All the while, however, investors in Sillajen have shown remarkable resilience. The South Korean company’s stock has risen more than fivefold in the past two years, and its market cap today stands at over $4bn. Pexa-Vec is by far its most advanced asset.

Phocus on first line

The project’s pivotal open-label study, Phocus, tests it in 600 first-line liver cancer subjects. Half have been assigned to Pexa-Vec plus the standard of care, Bayer’s Nexavar, and the rest to a Nexavar-only control cohort.

There is a sole primary endpoint, overall survival, which in Nexavar-treated subjects amounts to a median 10.7 months, according to the drug’s US label. Sillajen and Transgene bulls will point to a small phase II liver cancer trial in which the higher of two Pexa-Vec doses (and the one being used in Phocus) yielded median overall survival of 14.1 months.

However, this was a study in just 30 subjects, and it is impossible to tell how their baseline characteristics compared with those enrolled into Phocus. Moreover, the standard of care is changing, with Eisai/Merck & Co’s Lenvima securing a first-line label last year.

Tellingly, Lenvima’s pivotal study showed median overall survival of 13.6 months, versus 12.3 months for Nexavar, and both are likely a better representation of the benchmark for Pexa-Vec. Added to this must be the growing importance of checkpoint blockade: Keytruda and Opdivo both carry second-line liver cancer labels.

Pexa-Vec’s phase II test had been run by Jennerex, a San Francisco-based company that had originated Pexa-Vec. Sillajen bought Jennerex, along with Pexa-Vec, for just $100m up front in 2014, having then been the contract manufacturer for the oncolytic virus.

Not only was this acquisition a low-ball buyout, its trigger was the failure of Pexa-Vec in the phase II Traverse study, also in liver cancer, in subjects who had failed Nexavar. Last October Jennerex’s former owners sued Sillajen, alleging failure to make subsequent milestone payments stipulated under the deal.

Transgene’s Pexa-Vec involvement dates back to its deal with Jennerex, and the French group is also in dispute with Sillajen. Transgene’s most recent financial report reveals that mediation is ongoing to extract from Sillajen a €1.0m ($1.1m) milestone payment, also relating to the Jennerex takeout.

And, to underline Pexa-Vec’s precariousness, rumours surfaced in the local press last month that Phocus was not going well and questioning its design – though Sillajen was quick to refute these claims.

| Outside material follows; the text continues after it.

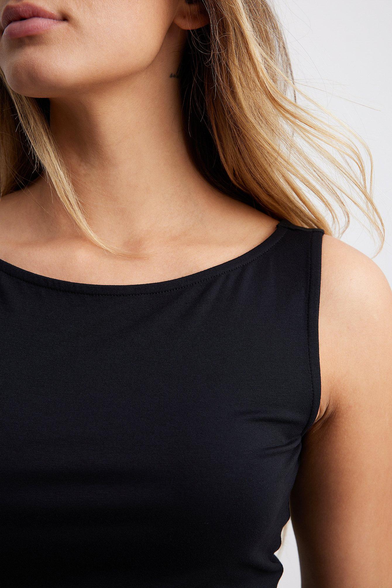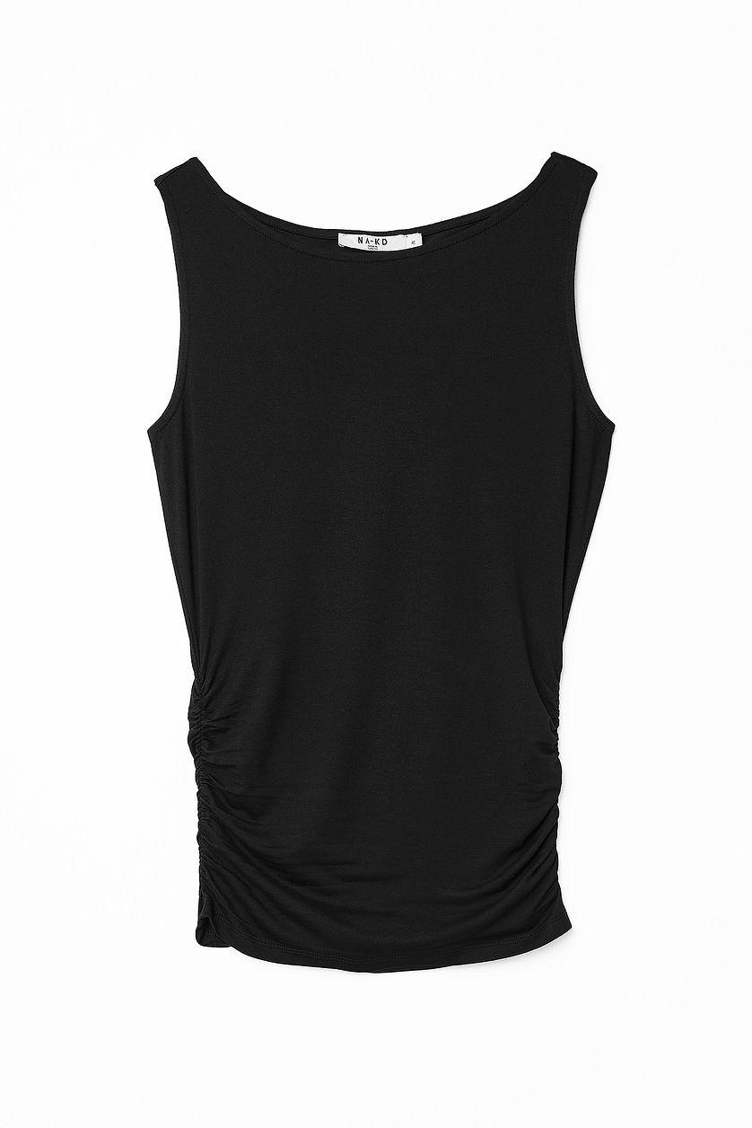 This top features a relaxed fit and a stretchy material. It has a soft touch and a sleeveless design. Our top has a gathered detail on the sides.
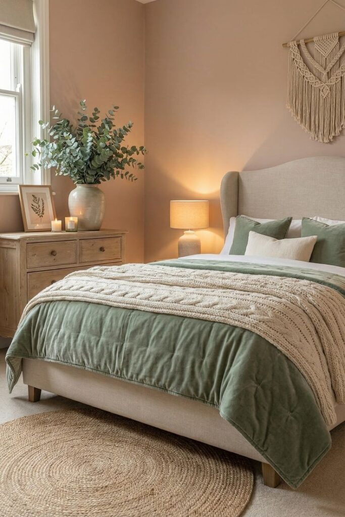 - Cozy: warm taupe, terracotta, caramel, deep greens

Selected trials of Pexa-Vec in liver cancer
Study Setting Design Notes
Phocus (NCT02562755) 1st-line +Nexavar vs Nexavar Phase III; futility analysis Q2 2019; interim data 2020
NCT03071094 1st-line +Opdivo (single-arm) Safety review had been expected in 2018; interim data delayed from mid-2019 to H2 2019
Traverse (NCT01387555) 2nd-line (post-Nexavar) Monotherapy vs best supportive care Study failed
NCT00554372 Unspecified Monotherapy (2 dose levels) mOS 6.7mth for low dose, 14.1mth for high dose

Overall, however, the biggest red flag is the paucity of clinical backing for a decision to go into phase III; beyond the occasional patient remission Pexa-Vec has not exactly bothered the scorers.

And that would be entirely in keeping with the rest of the oncolytic virus field. The only such product approved in the West, Amgen’s Imlygic, was greenlit on the back of extremely shaky data, and has been a market flop. A recent deal flurry notwithstanding, clinical backing for oncolytic viruses is conspicuous by its absence.

True, futility analyses usually set a high bar for discontinuation, and Pexa-Vec could perhaps avoid such a worst-case scenario even though, ultimately, it might fail in Phocus’s efficacy analysis next year. The problem for Sillajen investors is how much the company’s valuation already prices in.

Transgene, capitalised at a mere €180m and boasting a separate, in-house oncolytic virus, TG6002, might be able to shrug off a Pexa-Vec failure. For Sillajen such an outcome would be disastrous.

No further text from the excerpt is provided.